Chelsea Therapeutics Announces Update on Antifolate Clinical Program
CHARLOTTE, N.C., June 9, 2010 -- Chelsea Therapeutics International, Ltd. (Nasdaq:CHTP) announced that during a teleconference yesterday, the U.S. Food and Drug Administration (FDA) requested that the company delay the initiation of its proposed Phase II clinical study of CH-4051 in rheumatoid arthritis and indicated that the agency is requesting additional detail from the preclinical studies previously submitted as part of the company's investigational new drug (IND) application. Chelsea anticipates specific written comments from the FDA in the next few weeks, but expects the data requested should be readily available, should not require additional studies and could be provided to the agency shortly after receiving the written response.
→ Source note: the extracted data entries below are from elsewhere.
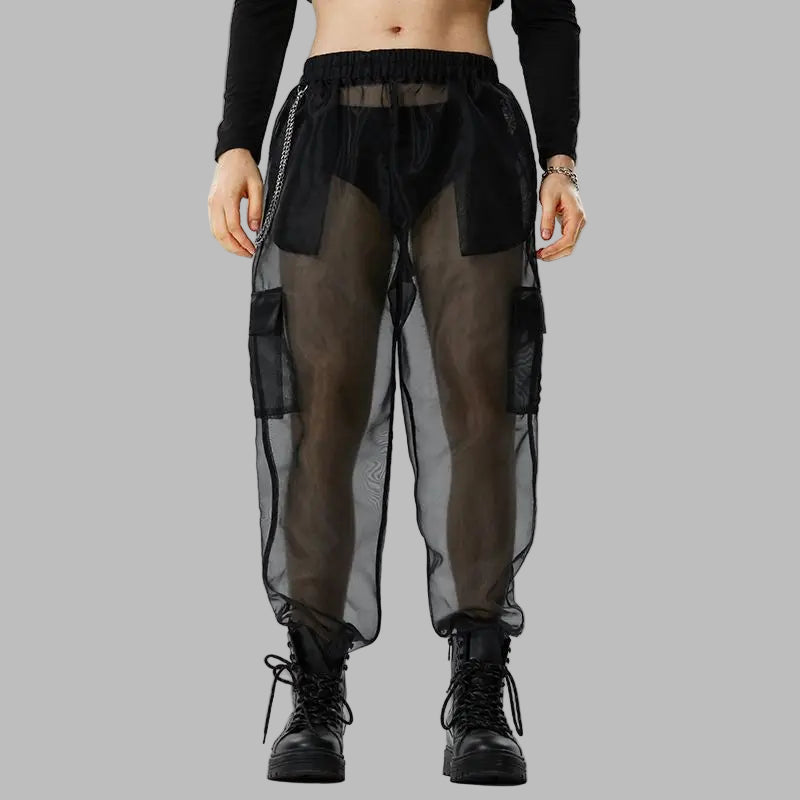 Steampunk Grijze Cargo Broek met Mesh Stedelijk Bekijk opties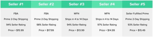 因为亚马逊的Buy Box算法非常复杂,所以这里用一个例子来说明会更清楚。为了简单起见,在这个例子中,我们将只关注前四个最重要的亚马逊卖家指标。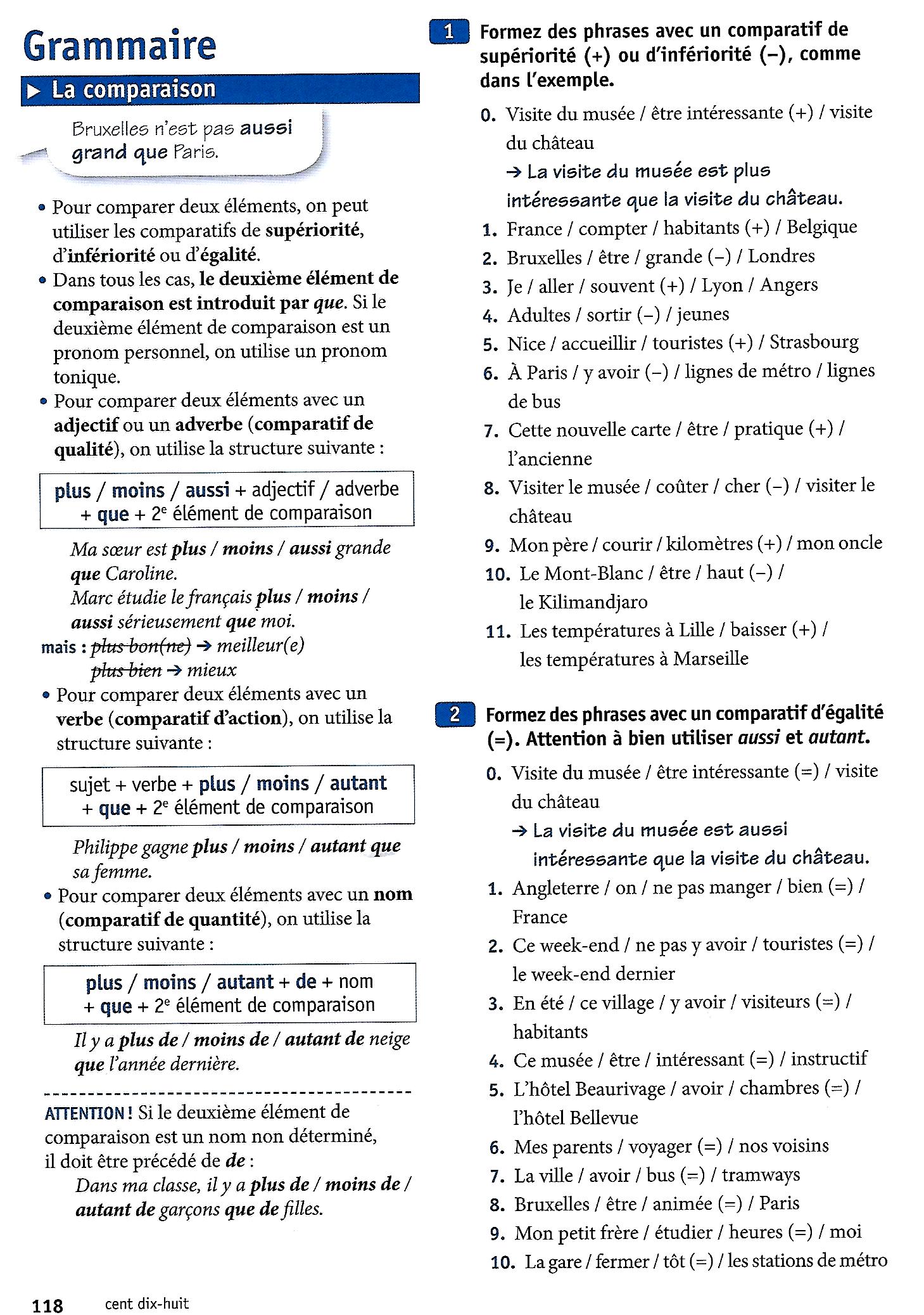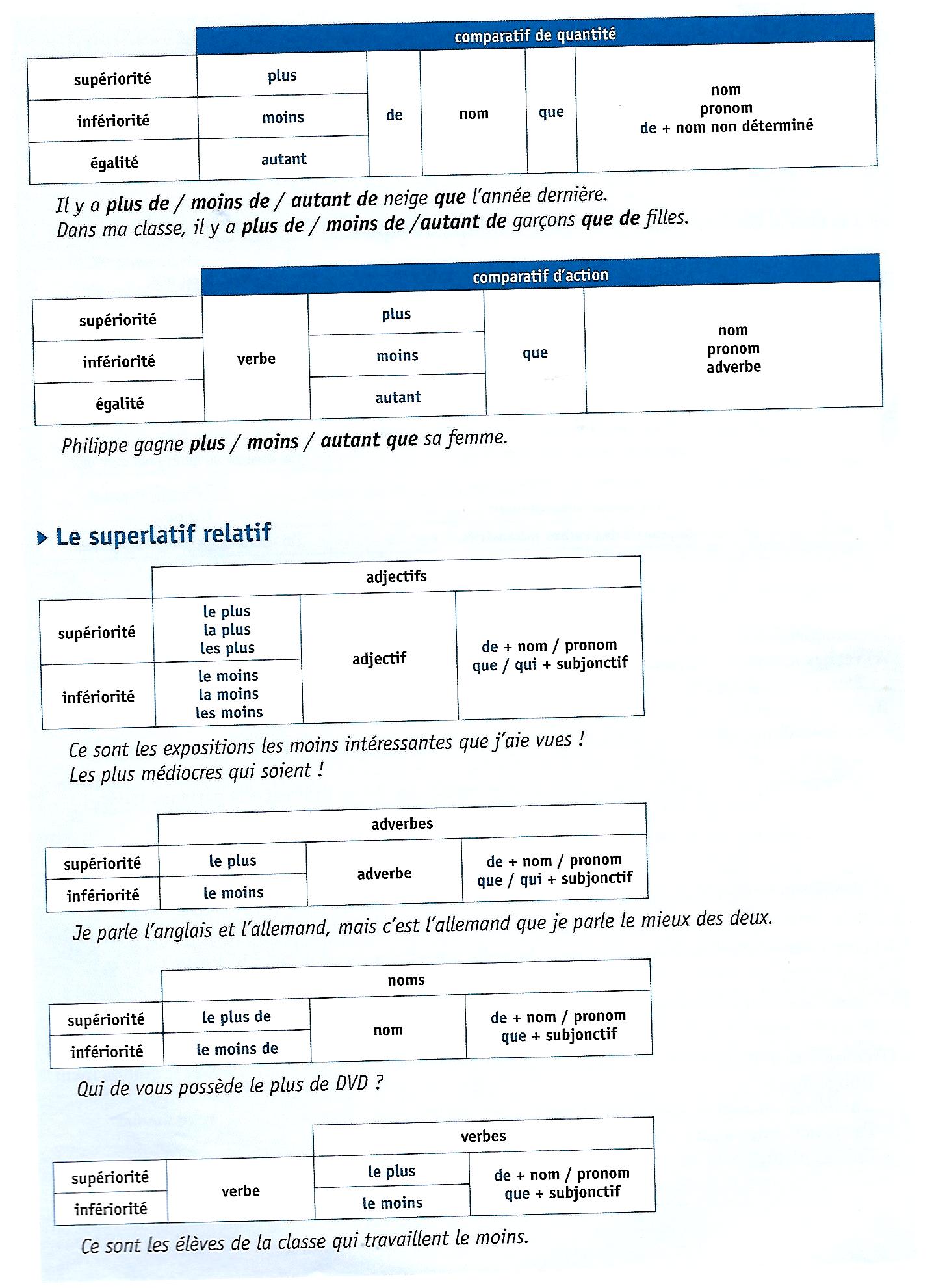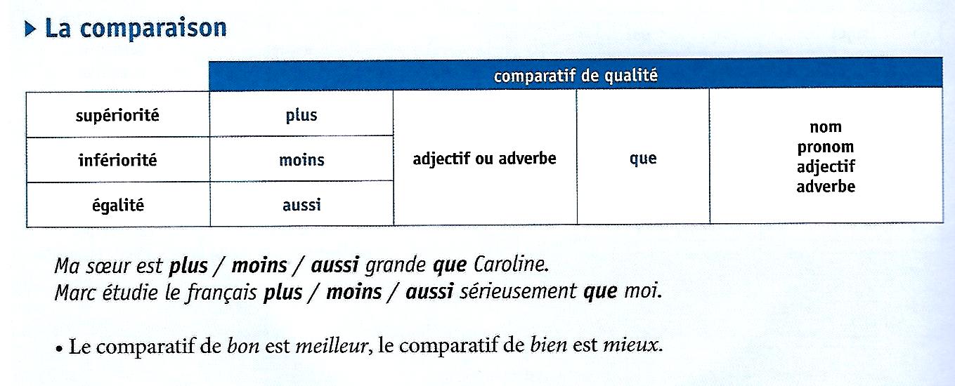 Formation de la phrase comparative en français:

"The FDA has provided us with verbal feedback regarding our protocol submission and asked for additional detail from our previously conducted preclinical studies to more fully characterize the safety of our proposed Phase II doses of CH-4051," commented Dr. Simon Pedder, president and CEO of Chelsea Therapeutics. "Having conducted comprehensive preclinical and Phase I evaluations of CH-4051 that support the safety and tolerability of CH-4051 at the proposed doses, we believe we will be able to provide the necessary supportive data to the FDA in a timely fashion."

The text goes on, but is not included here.